The United States of America is the wealthiest nation in the world, with the largest economy and biggest research and development establishments. It put men on the moon and sent space probes beyond the bounds of our solar system. Despite this, it has an unenviable environmental record.
Beyond the current American record holder of the British Petroleum oil spill in the Gulf of Mexico, the United States can boast of a number of environmental disasters, almost all of which are related to either the energy industry or the chemical industry.
Off-shore oil drilling and transportation are responsible for some of the biggest environmental problems in the United States, or even the world. While events like the Exxon Valdez spill, or the Gulf Coast spill are thankfully rare, the amount of damage they cause can be monumental. However, there are many smaller accidents and leaks that occur every day that are rarely reported.
The chemical industry is also responsible for some serious environmental problems. Of course, the Love Canal debacle, which became the site of the first Superfund cleanup, is notable here. Love Canal was a neighbourhood in Niagara Falls, New York that was used as a chemical waste dump by Hooker chemical in the 1950s. 21,000 tons of waste were disposed of in drums on the site, including benzene and dioxins. By the 1970s, the leaking toxic waste was causing birth defects in local neighbourhoods, the residents of which had to eventually be relocated by the federal government. Hooker Chemical, now owned by Occidental Petroleum, eventually had to pay $129 million in restitution.
Other notable toxic sites include Anniston, Alabama, where chemical giant Monsanto dumped millions of kilograms of toxic materials, which were a by-product of the production of PCBs, into Anniston Creek. They also disposed of millions of kilograms of PCBs by dumping them into open disposal pits. Despite being fined nearly $700 million, Monsanto never issued an apology nor admitted responsibility.
Libby, Montana and Picher, Oklahoma are towns that have been devastated or destroyed by the mining of lead and asbestos, which are both incredibly toxic. Libby was cleaned of its asbestos contamination, though the corporation involved, W. R. Grace, was driven into bankruptcy by the over 120,000 asbestos-related lawsuits against it.

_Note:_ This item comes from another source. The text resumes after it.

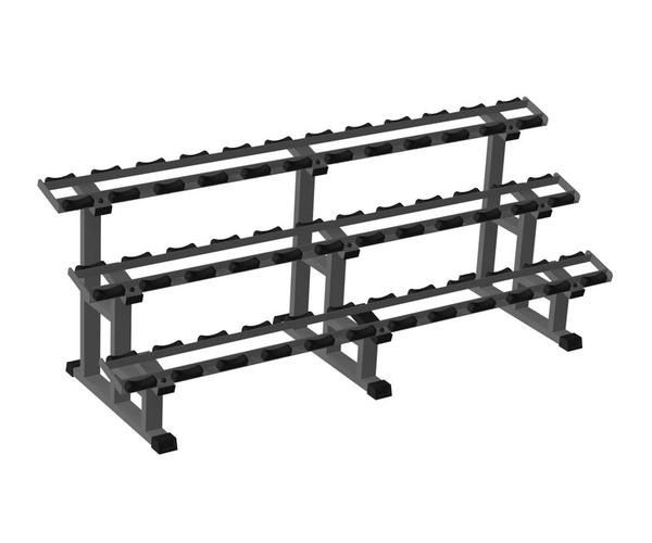 Стойка для профессиональных гантелей трехъярусная на 18 пар горизонтальная предназначена для хранения профессиональных гантелей «Айрон Кинг», но при этом возможно укладывать на стойку гантели большинства других изготовителей.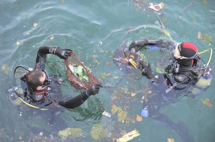Buceadores de la Asociación Marefondum y los Clubs de Buceo Divertek e Itxas-Dive han extraído en Getxo y Zierbena 320 kilos de residuos marinos durante este fin de semana.

Picher was eventually abandoned due to the extremely high concentrations of lead in the ground.
Of course, the king of pollution in the United States is coal. In addition to the tons of aerosols, particulates, and acid rain each power plant produces, there is also the ash to contend with. This ash is extremely toxic, with each power plant producing several tons of arsenic, lead, barium, and other heavy metals each year. This ash is usually stored on site in sludge ponds at the power plant, each of which can hold millions of gallons of water mixed with the toxic ash. On some occasions, these ponds have overflowed, often due to dam failure, and inundated the surrounding countryside with hazardous material. In 2000, this happened in West Virginia, and in 2008 at the Tennessee Valley Authority Fossil Fuel plant in Kingston, Tennessee.
These are just the disasters. Everyday decisions, like building cities in the desert, or building new suburbs, lead to long-term environmental damage, sucking all the water out of entire watersheds, massive deforestation and habitat loss, mountains of garbage swallowing the waste of millions of people, and countless tons of herbicides and pesticides employed to over-feed a nation.
The United States has its share of breathtakingly beautiful areas as well, of that there can be no doubt. The Florida Everglades, Yellowstone National Park, the Grand Canyon, and California’s redwood forests are just some of the wonderful national areas in the country. The stain of the toxic waste dumps can overshadow the beauty, though.
America has the potential to be a shining example of environmental responsibility, and has the resources to lead the way towards a renewable, and sustainable, future. Unfortunately, based on its past record, it seems to be unwilling to take up the mantle of environmental leadership.